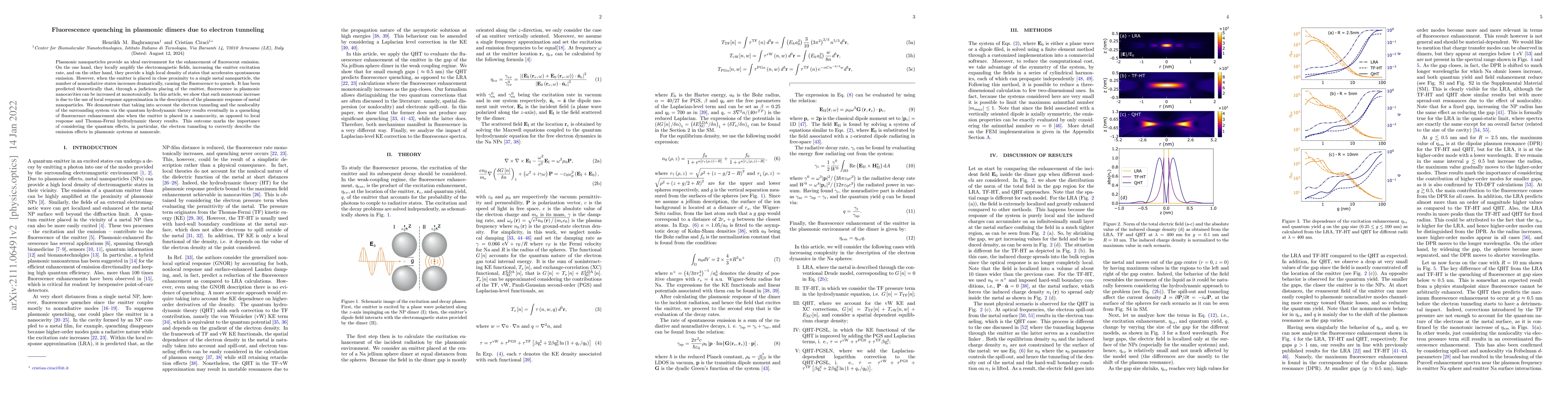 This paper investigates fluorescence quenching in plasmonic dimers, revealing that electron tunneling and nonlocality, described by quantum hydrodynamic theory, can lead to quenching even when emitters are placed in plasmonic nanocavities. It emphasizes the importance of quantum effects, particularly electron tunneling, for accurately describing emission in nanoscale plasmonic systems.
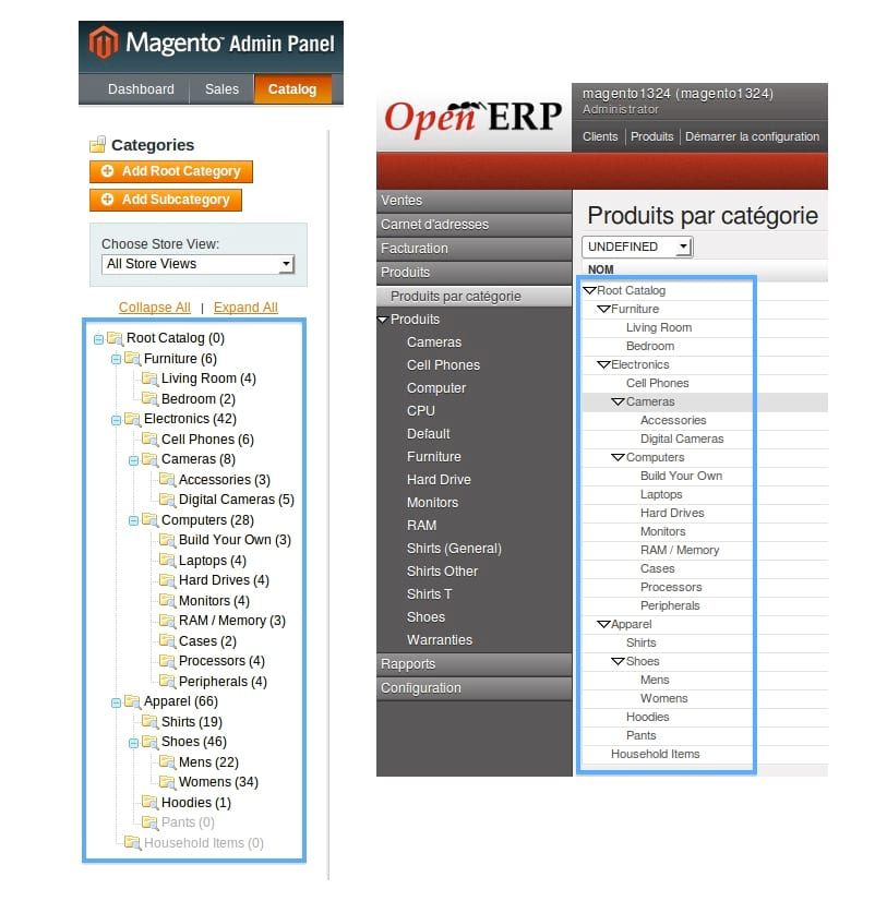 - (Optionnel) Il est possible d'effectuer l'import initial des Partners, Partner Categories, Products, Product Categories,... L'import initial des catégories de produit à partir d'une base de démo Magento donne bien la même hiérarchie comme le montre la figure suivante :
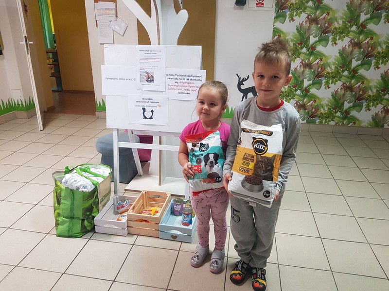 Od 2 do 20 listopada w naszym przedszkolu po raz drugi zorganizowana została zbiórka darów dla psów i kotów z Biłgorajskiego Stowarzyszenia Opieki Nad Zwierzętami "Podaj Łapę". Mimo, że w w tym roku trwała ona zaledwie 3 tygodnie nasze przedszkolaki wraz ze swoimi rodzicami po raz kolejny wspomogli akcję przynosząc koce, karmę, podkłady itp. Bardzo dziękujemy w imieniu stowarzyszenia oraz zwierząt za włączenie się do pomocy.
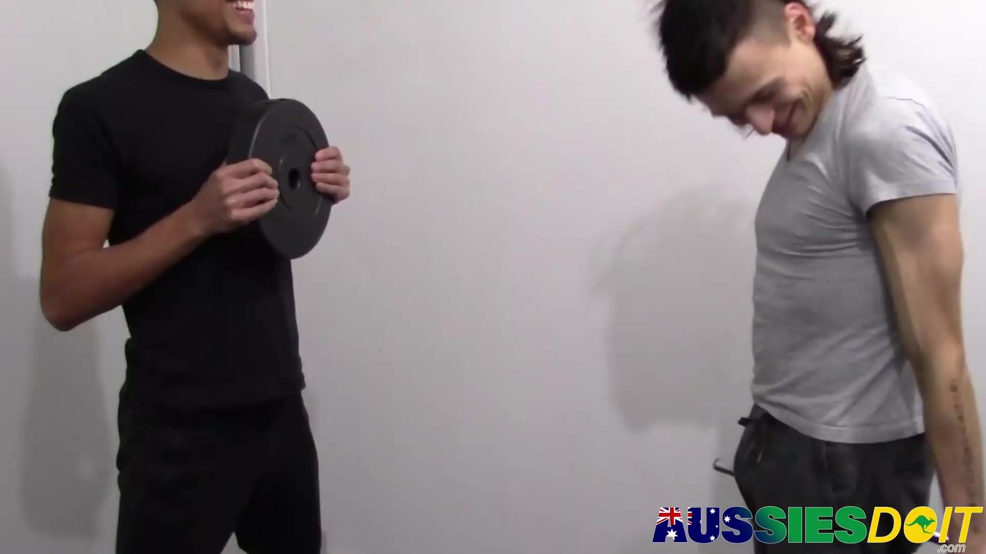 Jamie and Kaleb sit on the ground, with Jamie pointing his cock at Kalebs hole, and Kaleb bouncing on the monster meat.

════════

### Goal of the exercise
Leaving out the pictures, reproduce the whole listing above exactly.

### Answer space
 This paper investigates fluorescence quenching in plasmonic dimers, revealing that electron tunneling and nonlocality, described by quantum hydrodynamic theory, can lead to quenching even when emitters are placed in plasmonic nanocavities. It emphasizes the importance of quantum effects, particularly electron tunneling, for accurately describing emission in nanoscale plasmonic systems.
 - (Optionnel) Il est possible d'effectuer l'import initial des Partners, Partner Categories, Products, Product Categories,... L'import initial des catégories de produit à partir d'une base de démo Magento donne bien la même hiérarchie comme le montre la figure suivante :
 Od 2 do 20 listopada w naszym przedszkolu po raz drugi zorganizowana została zbiórka darów dla psów i kotów z Biłgorajskiego Stowarzyszenia Opieki Nad Zwierzętami "Podaj Łapę". Mimo, że w w tym roku trwała ona zaledwie 3 tygodnie nasze przedszkolaki wraz ze swoimi rodzicami po raz kolejny wspomogli akcję przynosząc koce, karmę, podkłady itp. Bardzo dziękujemy w imieniu stowarzyszenia oraz zwierząt za włączenie się do pomocy.
 Jamie and Kaleb sit on the ground, with Jamie pointing his cock at Kalebs hole, and Kaleb bouncing on the monster meat.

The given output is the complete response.